- Born: 23 March 1920 Naples, Italy
- Died: 22 February 1987 (aged 66) Rome, Italy
- Occupation(s): Musician, composer
- Children: Sergio Rendine

= Furio Rendine =

Italian composer, lyricist, producer, organizer and conductor

Furio Rendine (23 March 1920 – 22 February 1987) was an Italian composer, lyricist, producer, organizer and conductor.

== Life and career ==
Born in Naples, after getting a degree in law Rendine graduated in piano, harmony and composition at the San Pietro a Majella Conservatory. In the second half of the 1940s he moved to Milan, where he was active as conductor of dance orchestras and started collaborating with EIAR.

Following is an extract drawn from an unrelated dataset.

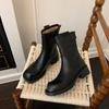 Autumn and winter versatile leather large size women's boots solid color medium heel round head new cowhide knight boots new medium boots women

Rendine debuted as a composer in 1947, and got his first success in 1948 with the song "A Zingarella". In 1950 he founded the record label Casa Musicale Rendine. Three of his songs won the Festival di Napoli competition: in 1957 "Malinconico Autunno", performed by Marisa Del Frate, in 1958 "Vurria", performed by Nunzio Gallo and Aurelio Fierro, and in 1966 "Bello", performed by Sergio Bruni and Robertino. He himself was artistic director of the 1961 edition of the festival, as well as organizer of numerous musical events.

He was the father of the composer Sergio Rendine.